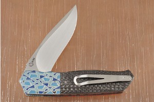 Titanium bolsters are hand engraved, textured, and differentially anodized, ensuring a positive grip. A pierced titanium pocket clip is mounted for right handed tip-up carry. The handle is completed with blue anodized, fileworked titanium liners and red fiber spacers.
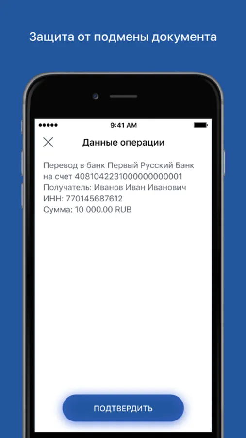 • Криптографически строгое подтверждение электронной подписи с привязкой к документу и устройству.
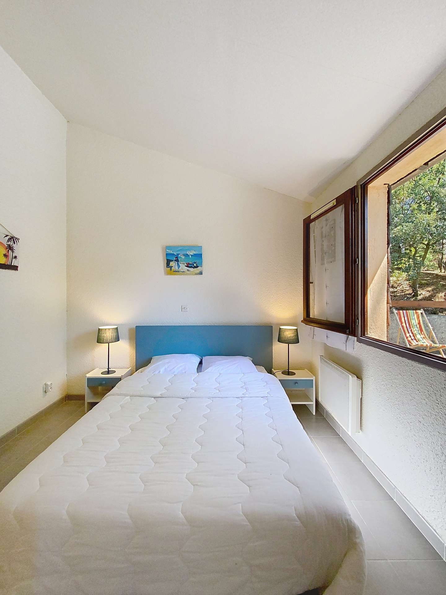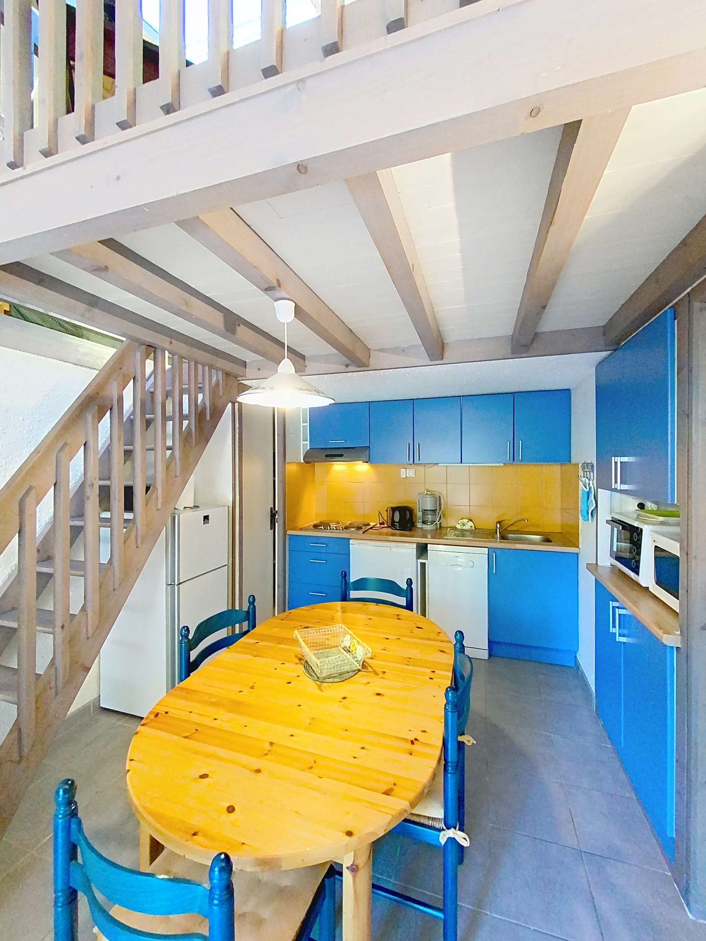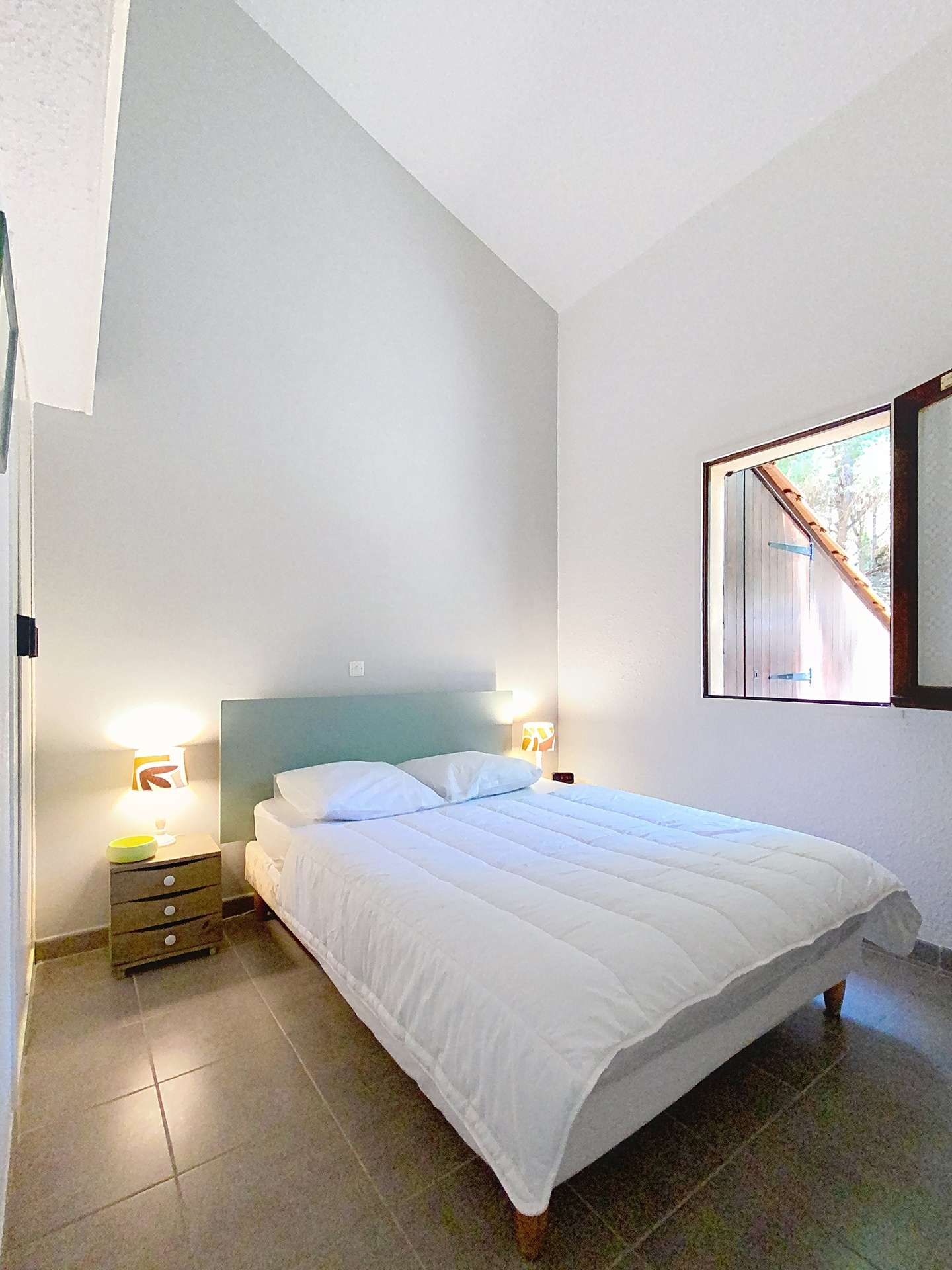 "Les Coulemelles", a pedestrian residence located at the foot of the Aubarède dune, on the edge of the forest enjoys easy access to cycling trails and hiking trails allowing you to reach beaches and the center. This pretty semi detached house with a neat decoration, about 45m² is ideal for four/six people. The living room with equipped kitchenette opens, by window door on a south facing terrace, equipped with garden furniture. Two bedrooms each with a double bed (sleeping 140cm) and a mezzanine with a single bed and a sofa bed(120cm). Shower room includes a shower cabin, sink, washing machine and toilet. Your pet is welcome in this accommodation. There is a numberedcar park at the entrance of the residence. Join the beach and shops at 1,2 km, golf at 2 km and the lake at about 5 km (REF 02335M)
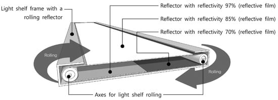 First, as shown in Figure 3, the proposed light shelf has connected reflective films with 70%, 85%, and 97% reflectivity, respectively. The film can be rolled by two axes to change reflectivity. The reflectivity values of 70% and 85% were chosen based on prior studies [13,14,18,22,23,24], and the reflectivity value of 97% was the reflective film manufacturer’s specification [39]. This is the result of an adjustment because lighting performance increases with reflectivity.
-------
--- WHAT YOU HAVE TO DO ---
Pictures excluded, copy the lines exactly from where the material starts to the line with "документу и устройству.", inclusive.

--- WRITTEN SOLUTION ---
 Titanium bolsters are hand engraved, textured, and differentially anodized, ensuring a positive grip. A pierced titanium pocket clip is mounted for right handed tip-up carry. The handle is completed with blue anodized, fileworked titanium liners and red fiber spacers.
 • Криптографически строгое подтверждение электронной подписи с привязкой к документу и устройству.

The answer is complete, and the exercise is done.